About this exercise
In the records below, find the line containing "DAREU Sakura Pink" and repeat it and every line after it exactly, without pictures.
BEGIN Data
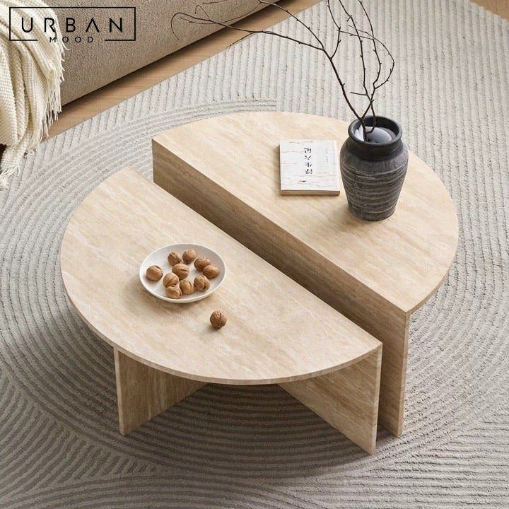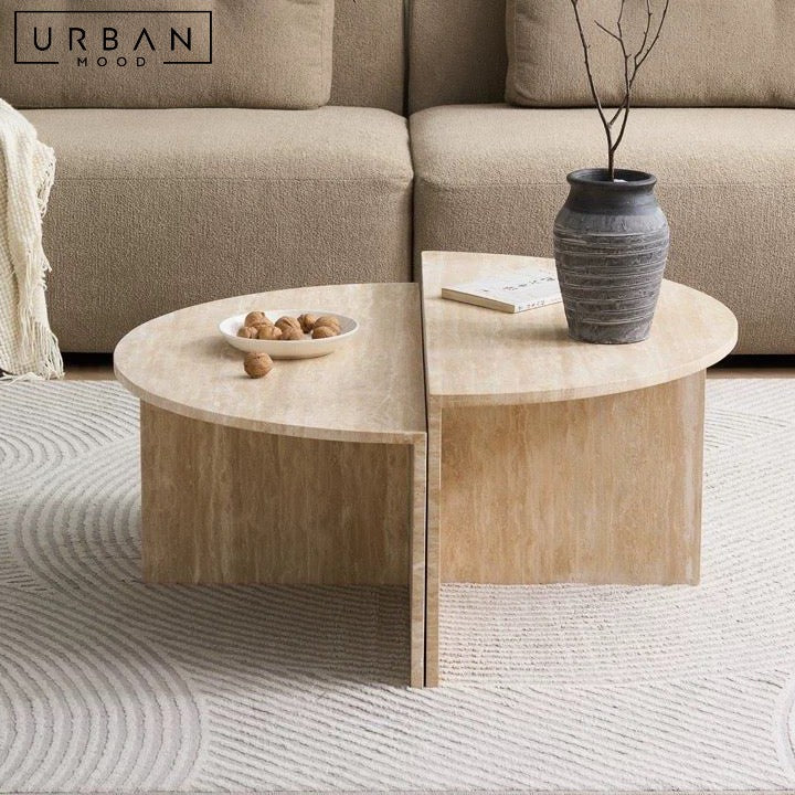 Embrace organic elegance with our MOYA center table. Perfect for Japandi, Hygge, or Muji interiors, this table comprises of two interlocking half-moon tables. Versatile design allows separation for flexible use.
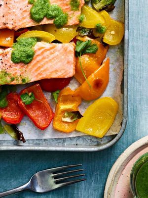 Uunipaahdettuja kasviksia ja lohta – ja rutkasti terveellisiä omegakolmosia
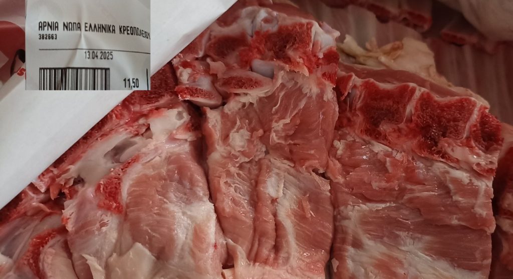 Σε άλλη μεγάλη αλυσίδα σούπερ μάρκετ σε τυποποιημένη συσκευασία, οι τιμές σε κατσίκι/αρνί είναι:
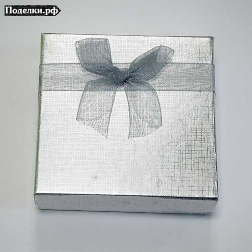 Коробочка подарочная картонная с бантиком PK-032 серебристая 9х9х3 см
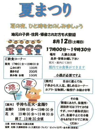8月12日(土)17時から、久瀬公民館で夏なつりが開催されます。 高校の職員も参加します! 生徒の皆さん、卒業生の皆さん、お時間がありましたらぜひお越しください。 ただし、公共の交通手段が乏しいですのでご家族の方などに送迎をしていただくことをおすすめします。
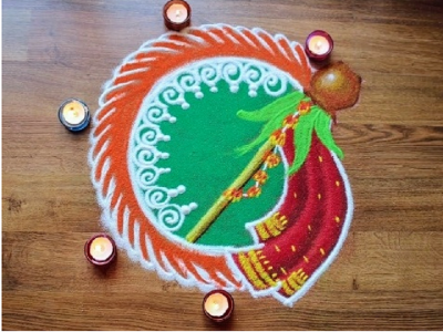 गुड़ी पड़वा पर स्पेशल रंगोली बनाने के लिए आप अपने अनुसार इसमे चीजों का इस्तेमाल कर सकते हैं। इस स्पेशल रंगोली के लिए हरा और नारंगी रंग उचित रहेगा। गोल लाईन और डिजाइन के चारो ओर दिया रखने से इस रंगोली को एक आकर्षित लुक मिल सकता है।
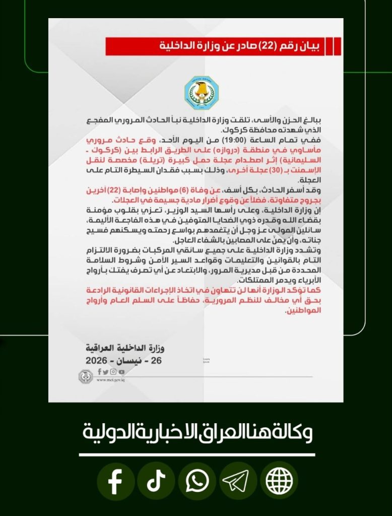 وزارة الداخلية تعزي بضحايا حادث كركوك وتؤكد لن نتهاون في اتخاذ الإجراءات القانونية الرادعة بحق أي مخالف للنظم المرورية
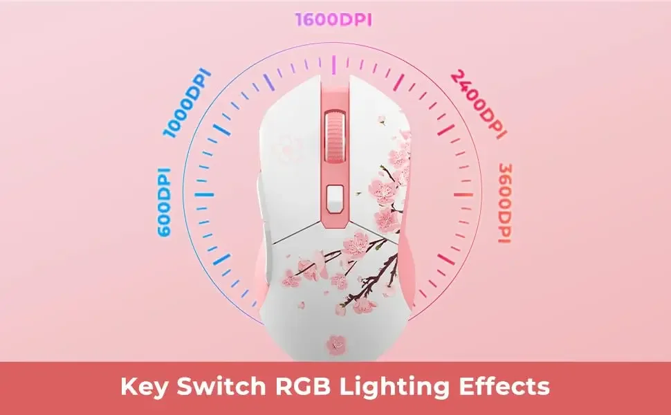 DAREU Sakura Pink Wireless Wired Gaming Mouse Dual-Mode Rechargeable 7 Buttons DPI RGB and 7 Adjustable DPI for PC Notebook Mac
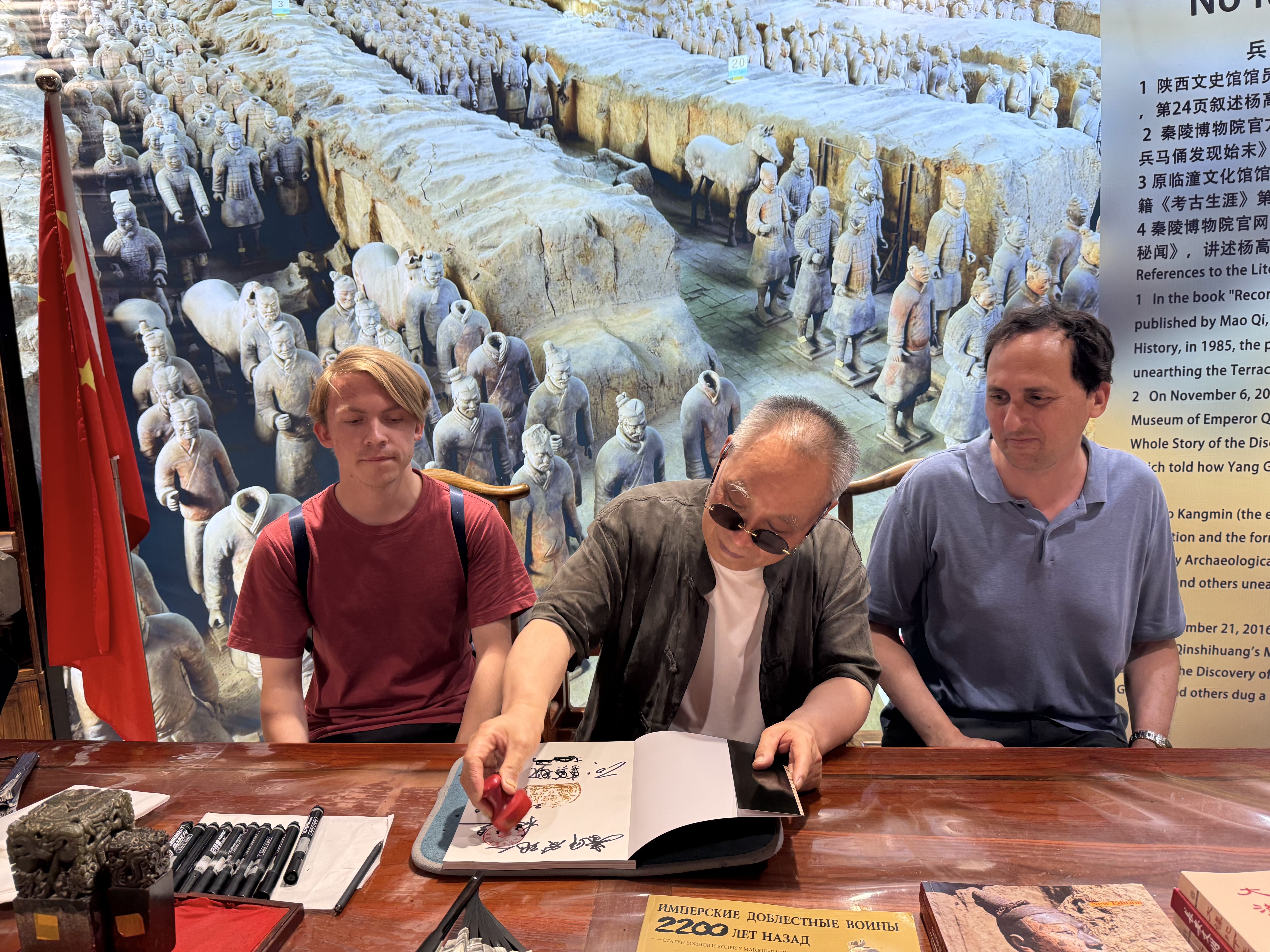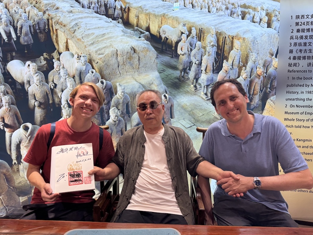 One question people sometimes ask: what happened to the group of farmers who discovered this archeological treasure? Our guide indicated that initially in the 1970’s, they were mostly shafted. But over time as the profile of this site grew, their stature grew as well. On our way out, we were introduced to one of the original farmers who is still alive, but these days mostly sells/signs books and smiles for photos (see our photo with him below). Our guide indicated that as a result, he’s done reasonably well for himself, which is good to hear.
END Data
Answer box
 DAREU Sakura Pink Wireless Wired Gaming Mouse Dual-Mode Rechargeable 7 Buttons DPI RGB and 7 Adjustable DPI for PC Notebook Mac
 One question people sometimes ask: what happened to the group of farmers who discovered this archeological treasure? Our guide indicated that initially in the 1970’s, they were mostly shafted. But over time as the profile of this site grew, their stature grew as well. On our way out, we were introduced to one of the original farmers who is still alive, but these days mostly sells/signs books and smiles for photos (see our photo with him below). Our guide indicated that as a result, he’s done reasonably well for himself, which is good to hear.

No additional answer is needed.